Gerald Chertavian, founder and former CEO of Year Up, a workforce development organization in Boston, said the advent and widespread rollout of AI will benefit the skills-first movement by helping managers discover what skills they need and where skills gaps exist.
“AI is the catalyst that will usher forward a positive era of skills-first hiring as long as employers continue to prioritize this shift,” he said.
Chertavian said he understands that something as powerful as AI can be misused. But he also trusts that people will recognize when that is happening and correct it.
“I promise you that AI will do more good than bad and push the skills-first movement beyond anything we have ever seen,” he said.
The SHRM Foundation has made educating employers about the use of skilled credentials in talent acquisition a priority. A significant portion of HR professionals value skills-based hiring assessments, and some would weight them strongly as alternatives to traditional education and experience qualifications, according to research from SHRM.
Candidate Behavior
Satisfying job candidates continues to be a challenge. For the second year in a row, candidate resentment—a measure of negative experience with the hiring process—rose around the world. The only region where candidate resentment didn’t rise was in North America, where it dipped but remains historically high, according to research from the Talent Board, a Santa Cruz, Calif.-based nonprofit organization that produces the annual Candidate Experience Awards and releases the data that determines the winners each year.
Talent Board President Kevin Grossman explained that job seekers were more sympathetic toward employers struggling with an unprecedented set of challenges during the COVID-19 pandemic, but “candidate resentment never really went away.”

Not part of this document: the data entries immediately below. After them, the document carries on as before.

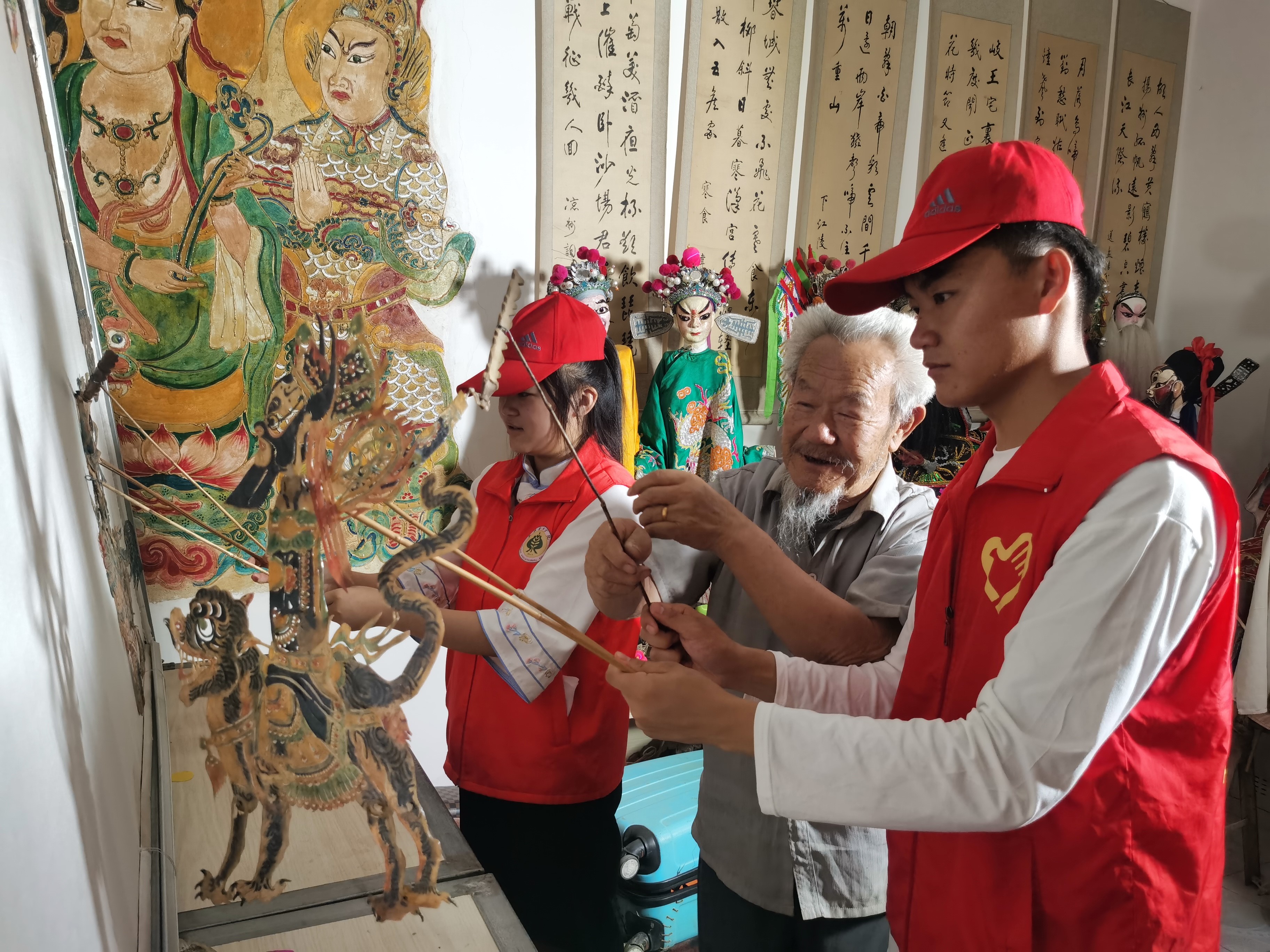 初訪老藝人,馬登岐老人告訴實踐隊員,他5歲開始就跟著爺爺去十里八鄉(xiāng)唱木偶劇、演皮影戲。沒想到,這一演就演了86年。家里的400余件木偶、皮影及木偶人物的道具、服裝都是靠自己雕刻、染色、縫制的,制作一個完整的人物得用一周時間。如今,他家里還珍藏著明清時期的皮影和木偶頭像。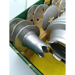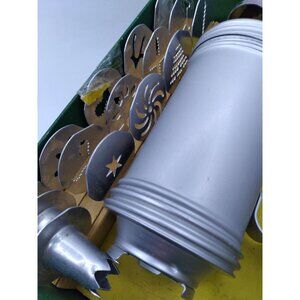 Vintage Mirro Cookie And Pastry Press Aluminum in original box with 12 discs and 3 tips. Pre owned good vintage conditio with wear to box noted. Also wear to finish on pipe/press. Does not include any other accessories. What you see is what you will get.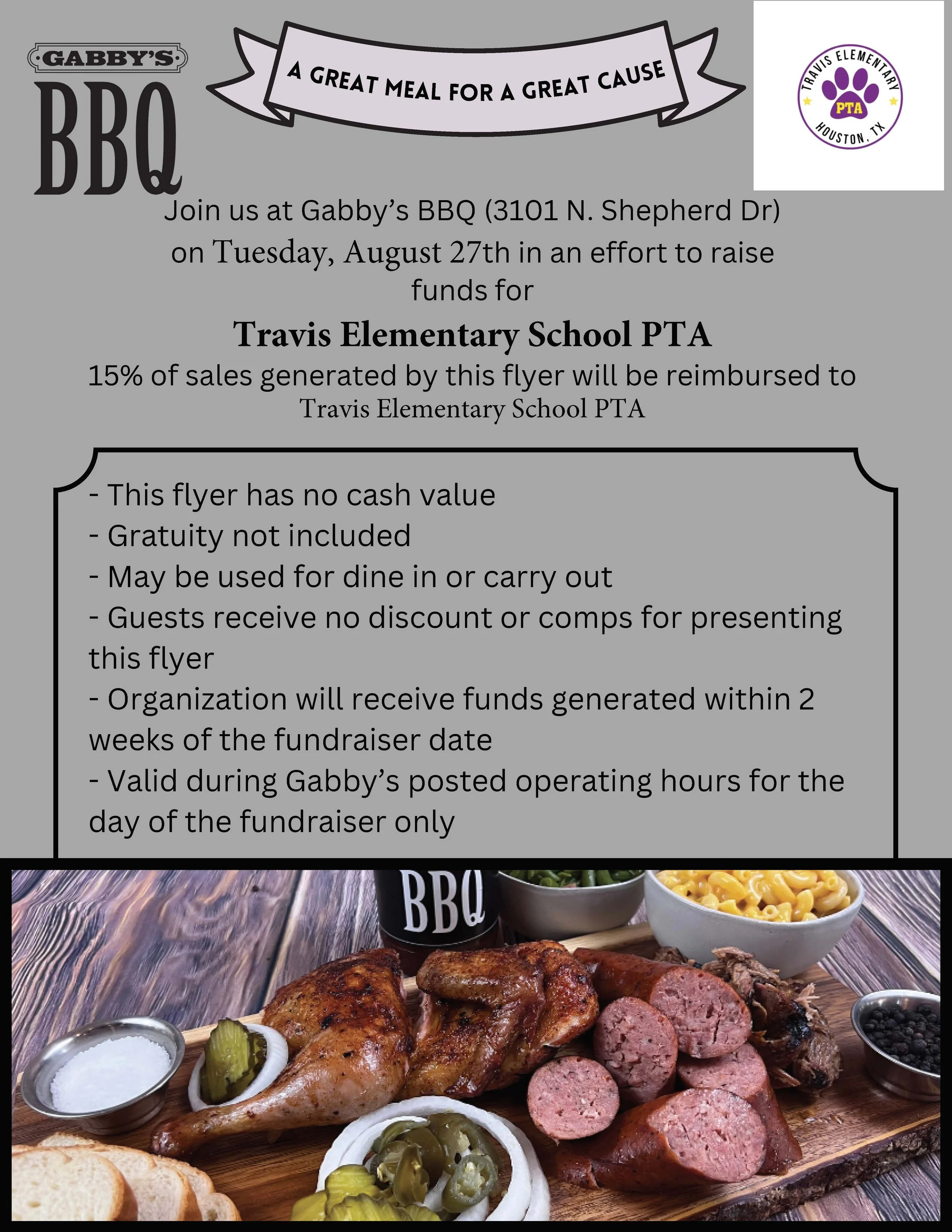 Don’t feel like cooking tonight? Help our school by dining in or ordering take-out from Gabby’s BBQ on N. Shepherd! Show this flyer or mention Travis Elementary to earn our school 15% of sales for Tuesday, August 27th, from 11am - 9pm. Thanks Gabby’s BBQ and go tigers!

The top three reasons for negative sentiment about the candidate experience were:
- The recruiting process took too long.
- The candidate’s time was disrespected.
- Salary didn’t meet expectations.
“Candidates feel like they are not being heard,” said Susan LaMotte, founder, CEO and principal strategist at exaqueo, an employer-brand consulting firm in Charleston, S.C. “The Talent Board data shows that we’re not really making much progress on candidate experience, after all these years.”
Meanwhile, a Reddit thread titled “Red Flags in an Interview that Reveal a Job is Toxic” revealed that job seekers find the biggest turnoff in an interview is the use of the term “family” to describe a company.
“It may be meant to express that the organization is collaborative and team-oriented, trusting and respectful,” said Anna Cowell, a talent acquisition consultant at Washington, D.C.-based HR consulting firm Helios HR. “But it could be a way to describe an environment where undying loyalty is expected, or commitments go beyond typical job duties and working hours.”
Instead of having warm and fuzzy feelings, people could be reminded about family dysfunction and toxicity, said J.T. O’Donnell, a career coach and founder and CEO of Work It Daily, a career-coaching site based in Portsmouth, N.H.
Indeed’s Gamble
One of the biggest stories of the year was Indeed’s experiment with a new pricing model. The site first announced its new pricing scheme in October 2022 and rolled it out in early 2023, generating a wave of backlash from mostly smaller employers that reported confusion with the product and expenses that were much larger than normal.
Pay-per-application pricing is when employers pay only when candidates apply to a job posting. It was meant to replace the foundational pay-per-click pricing model.
Indeed discontinued pay-per-application pricing on Dec. 18. “Pay-per-application was one recent test aimed at providing greater value to employers. Over time, we found that this option required additional effort from employers and was not easy enough to support the different needs of employers. We have decided to no longer offer pay-per-application,” the company said in a statement.